Monday, 25 May 2015: 15:00
PDR 4 (Hilton Chicago)
J. W. Gallaway, A. Gaikwad, L. Sviridov, S. Banerjee (CUNY Energy Institute at the City College of New York), B. J. Hertzberg, D. A. Steingart (MAE/ACEE Princeton University), C. K. Erdonmez, Y. C. K. Chen-Wiegart, K. Evans-Lutterodt, and J. Wang (Brookhaven National Laboratory)
Systems in which a continuous layer of zinc is electrodeposited from a flowing electrolyte have received attention for use in large-scale applications, such as peak-shaving batteries.1 During continual cycling of such a zinc layer as occurs in a battery, dendrites progressively form. These dendrites, which have a mossy micro-morphology, eventually lead to shorting of the cell after many cycles. Periodic “reconditioning cycles” can avoid this shorting, by eliminating surface roughness of the zinc film.2 However, reconditioning cycles represent a break in normal battery operation, and a more passive additive-based solution to the problem is desired.

Bismuth oxide, Bi2O3 which is sometimes used as an additive in zinc batteries, has extremely low solubility in concentrated KOH electrolytes. In a standard battery electrolyte (8.9 M KOH with 0.6 M ZnO) the bismuth saturation concentration is 26 ± 1 ppm Bi. This corresponds to 1.2 × 10−4 M of the dissociated form BiO2. It was found that 3 ppm Bi in the electrolyte resulted in dramatically planarized zinc layers during cycling.3 This is shown in Figure 1, with Bi concentration reported as a percentage of saturation (thus 3 ppm = 10% of Bi saturation).
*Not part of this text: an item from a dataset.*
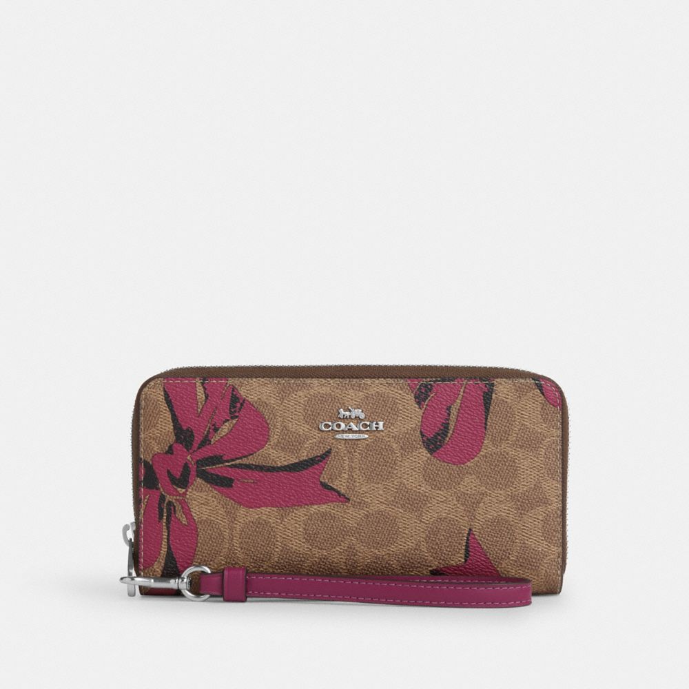COACH FACTORY OUTLET PRICE CHART - CZ326 - LONG ZIP AROUND WALLET IN SIGNATURE CANVAS WITH BOW PRINT - SILVER/TAN/PINK MULTI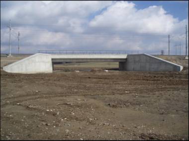V roce 2007 byl v km 20,175 trati Česká Třebová – Olomouc v rámci realizace stavby „Moravská Sázava, poldr Žichlínek“ vybudován inundační železniční most, který je zřejmě prvním integrálním železničním mostem na území České republiky. Vzhledem k této skutečnosti byl na mostě zahájen dlouhodobý monitoring, který probíhá ještě v současné době.Integrální mosty Koncepce integrálních mostů představuje moderní řešení pro mosty krátkého a středního rozpětí, umožňující návrh a výstavbu spolehlivých a hospodárných konstrukcí s nízkými nároky na údržbu během doby jejich životnosti. Vzhledem k jejich přednostem jsou integrální mosty stále více rozšířené v řadě zemí světa. Integrální mosty mají obvykle hlavní nosnou konstrukci vetknutou do koncových podpěr (i do mezilehlých podpěr v případě mostů o více polích). Konstrukce je obklopena spolupůsobícím zemním prostředím a je založena buď plošně, nebo na flexibilních pilotových základech. V některých případech je nosná konstrukce na koncových opěrách uložena pomocí ložisek. Podle této skutečnosti se integrální mosty dělí na dvě základní skupiny: − plně integrální mosty, které nemají ani mostní závěry, ani ložiska (obr. 2), − semi-integrální mosty, které nemají mostní závěry, ale mají ložiska (obr.3). U integrovaných mostních konstrukcí lze očekávat především následující výhody: − nižší počáteční náklady – konstrukce není vybavena mostními závěry a obvykle ani ložisky, dále konstrukce vzhledem k rámovému působení umožňuje dosáhnout příznivějšího rozdělení vnitřních sil v provozním stavu i na mezi únosnosti, − větší trvanlivost, delší životnost a nižší potřeba i náklady na údržbu – opět zejména proto, že konstrukce neobsahuje na údržbu náročné části, jako jsou mostní ložiska a mostní závěry, − jednodušší a rychlejší postup výstavby – odpadá náročné a přesné osazení mostních ložisek a dilatačních závěrů s nutností dodržení přísných tolerancí,− u konstrukcí o více polích je možné navrhnout relativně kratší krajní pole, resp. relativně delší vnitřní pole, protože případné tahové reakce na koncové podpěry jsou eliminovány vlastní tíhou těchto podpěr, − větší bezpečnost proti přetížení, protože rámové konstrukce umožňují rozsáhlejší redistribuci vnitřních sil na mezi únosnosti.Cena, kterou platíme za výhody integrálních konstrukcí, je náročnější a nákladnější řešení a dosud i údržba přechodových oblastí, ohrožených poklesy, trhlinami ve vozovce apod. Tyto problémy se však týkají především mostů na pozemních komunikacích (řešení bylo navrženo například v [1]); u železničních mostů s průběžným kolejovým ložem bývají uvedené problémy podstatně méně závažné. Celková koncepce mostu U obce Žichlínek nedaleko České Třebové byla v důsledku povodní v letech 2002 a 2004 navržena záchytná nádrž – poldr, jejíž součástí je i nový inundační železniční most. Poldr i železniční mosty byl realizován v roce 2007. Mezi základními principy, které byly při návrhu uvažovány, byla snaha o realizaci konstrukce bezpečné a spolehlivé, umožňující rychlou a snadnou výstavbu na provozované trati, s rozumnými investičními náklady a – v neposlední řadě – realizace konstrukce s dlouhou životností a minimálními nároky na údržbu. Výsledkem těchto úvah byl návrh mostu s integrální konstrukcí. Most je situován na dvoukolejné železniční trati a je rozdělen podélnou dilatační spárou na dvě samostatné konstrukce. Kromě výše uvedených požadavků ovlivnily koncepci mostu rovněž náročné základové poměry s plastickými jíly pod základy a z toho vyplývající nutnost hlubinného založení.

Higher concentrations of Bi resulted in more severe dendrite formation than the additive-free case. As imaged by SEM, zinc films electrodeposited with Bi had similar structures regardless of the Bi concentration. Generally this was the mossy zinc structure with incorporated bismuth domains.

A specially designed X-ray-transparent flow cell was used to track Zn-Bi metal layers in situ during electrodeposition. X-ray microdiffraction experiments allowed the composition of the metal layer to be tracked with 5-micron precision. The metal-electrolyte interface was found to be bismuth-rich, and this enrichment took place during discharge. Thus bismuth acted as a surfactant. Transmission X-ray microscopy (TXM) suggested that while bismuth resulted in a higher surface roughness during electrodeposition, raised portions of the metal were electrodissolved first in the presence of bismuth, thus planarizing the layer.
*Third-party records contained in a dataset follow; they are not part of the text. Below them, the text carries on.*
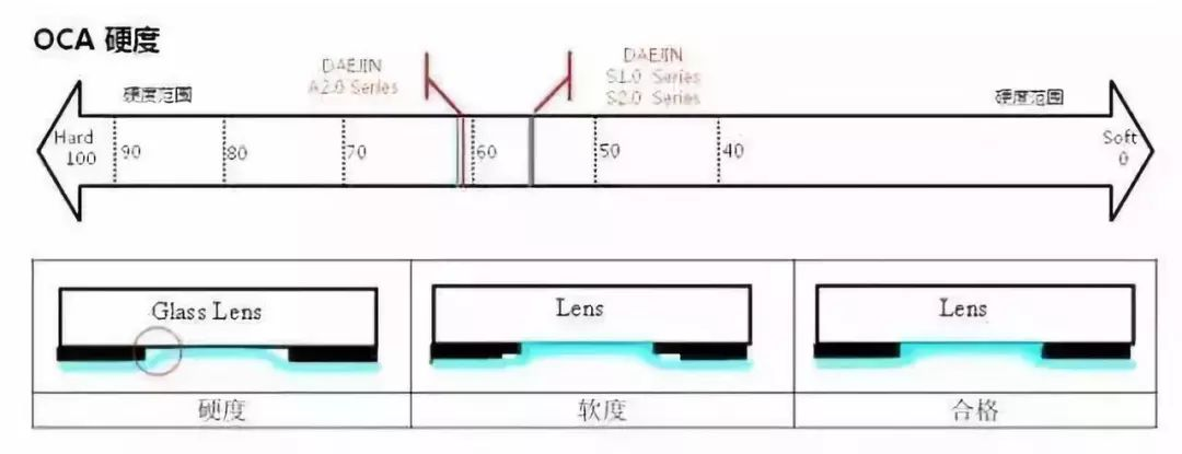 OCA不同的(de)厚(hou)度會(hui)有一個對應的(de)硬(ying)(ying)(ying)度值,太硬(ying)(ying)(ying)或(huo)太軟都會(hui)影響全貼(tie)合的(de)使(shi)用,一般的(de)硬(ying)(ying)(ying)度控制值58-65之間(jian)。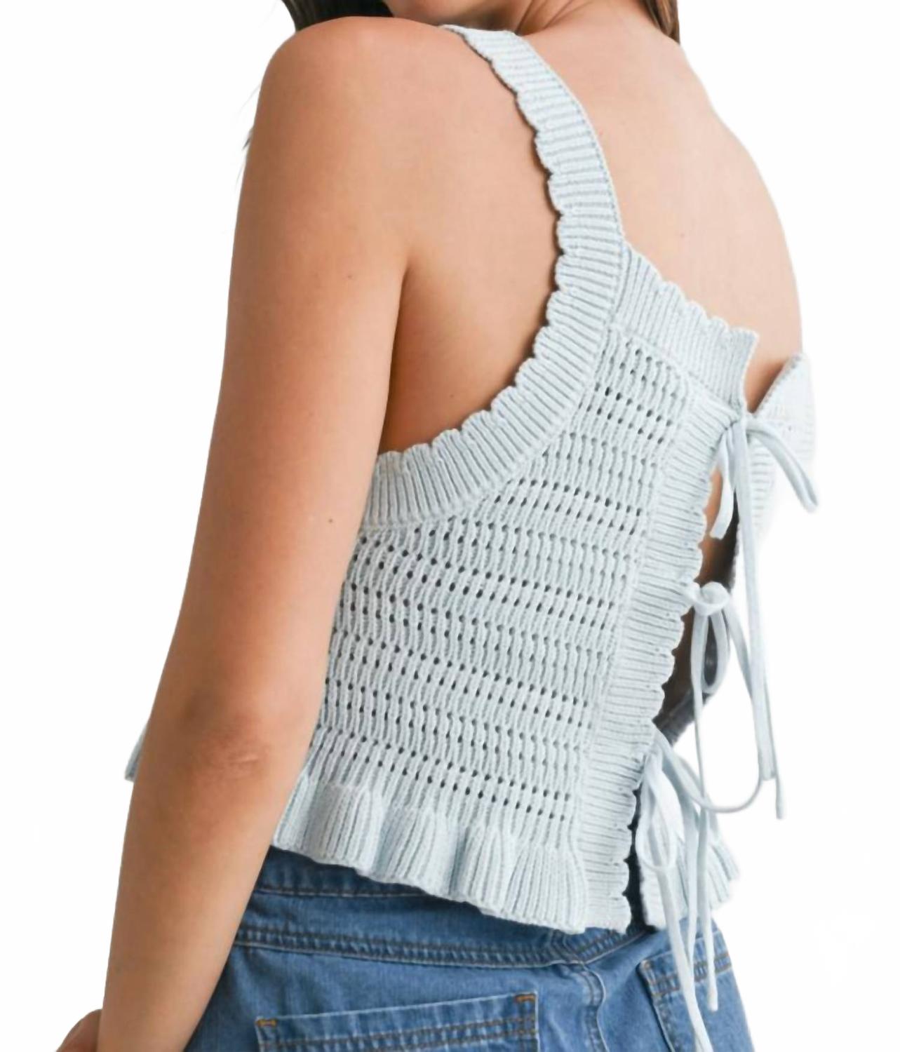 Идеальный укороченный топ для теплых дней. Погрузитесь в летнее настроение с этим вязаным крючком топом с оборкой по подолу от MIOU MUSE - эффектным минималистичным изделием насыщенного синего оттенка. Этот укороченный топ без рукавов с текстурированным кроем идеально подходит для отпуска. Материал: вискоза. Застежка: завязка. Вырез: квадратный. Идеально дополнит ваш гардероб для теплой погоды.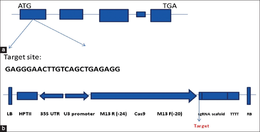 | Figure 2: The target gene’s specifics. (a) Structural representation of the OsHDT gene and the targeted position on the 1st exon to develop sgRNA. [Click here to view] |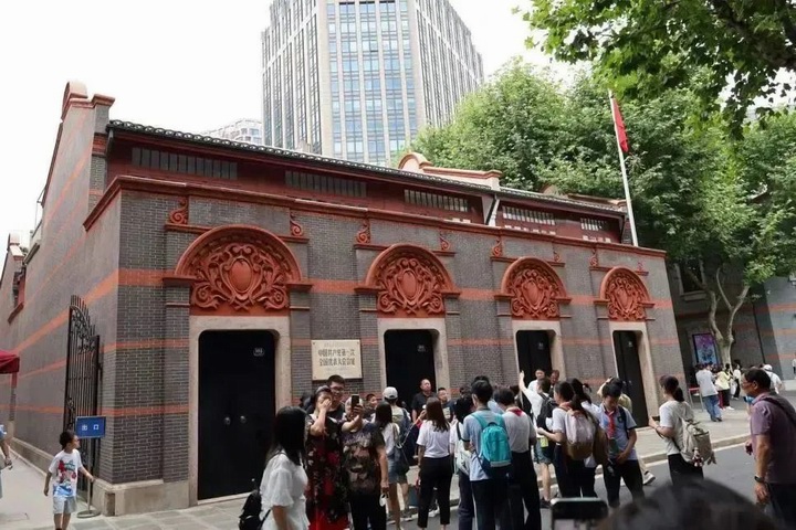 國旗飄揚(yáng),梧桐掩映。上海市黃浦區(qū)興業(yè)路76號,石庫門建筑靜靜坐落,外墻青紅磚交錯,礬紅色雕花門楣,黑漆大門,莊嚴(yán)肅穆。1921年7月23日晚,中國共產(chǎn)黨第一次全國代表大會在這里拉開帷幕。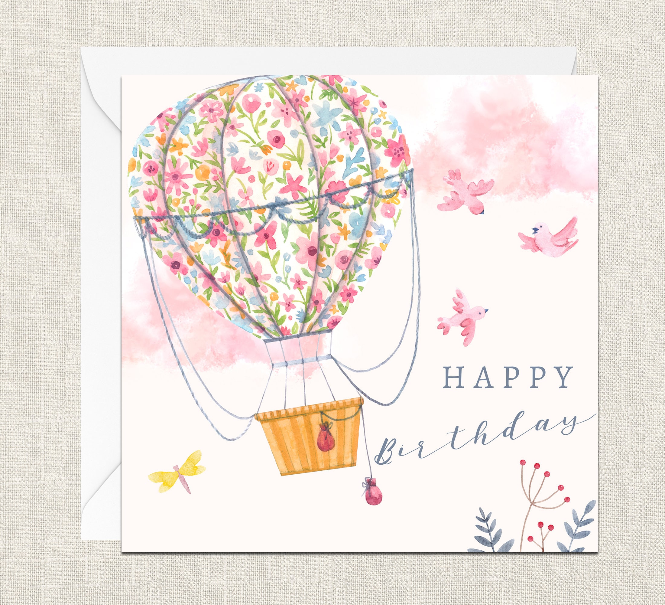 Happy Birthday Personalised Card Female Beautiful And Elegant. Ladies Birthday Balloon Flowers Desig...

These experiments were conducted at beamlines X13B (mircodiffraction) and X8C (transmission X-ray microscopy or TXM) at the National Synchrotron Light Source (NSLS).


  1. D.E. Turney, M. Shmukler, K. Galloway, M. Klein, Y. Ito, T. Sholklapper, J.W. Gallaway, M. Nyce, S. Banerjee, J Power Sources, 264, 49-58 (2014).
  2. Y. Ito, M. Nyce, R. Plivelich, M. Klein, D. Steingart, and S. Banerjee, J Power Sources, 196, 2340 (2011).
  3. J.W. Gallaway, A.M. Gaikwad, B. Hertzberg, C.K. Erdonmez, Y.K. Chen-Wiegart, L.A. Sviridov, K. Evans-Lutterodt, J. Wang, S. Banerjee, and D.A. Steingart J Electrochem Soc, 161(3) A275 (2014).

Figure 1. Metal layers in flowing electrolyte monitored in situ during layer cycling by optical microscopy. Cycle times and bismuth additive concentrations (in % saturation of the electrolyte) were as indicated. Panel (c) demonstrated the robust result that bismuth additive at 10% of saturation (3 ppm) resulted in a planarized metal layer. Cycling current was 35 mA/cm2.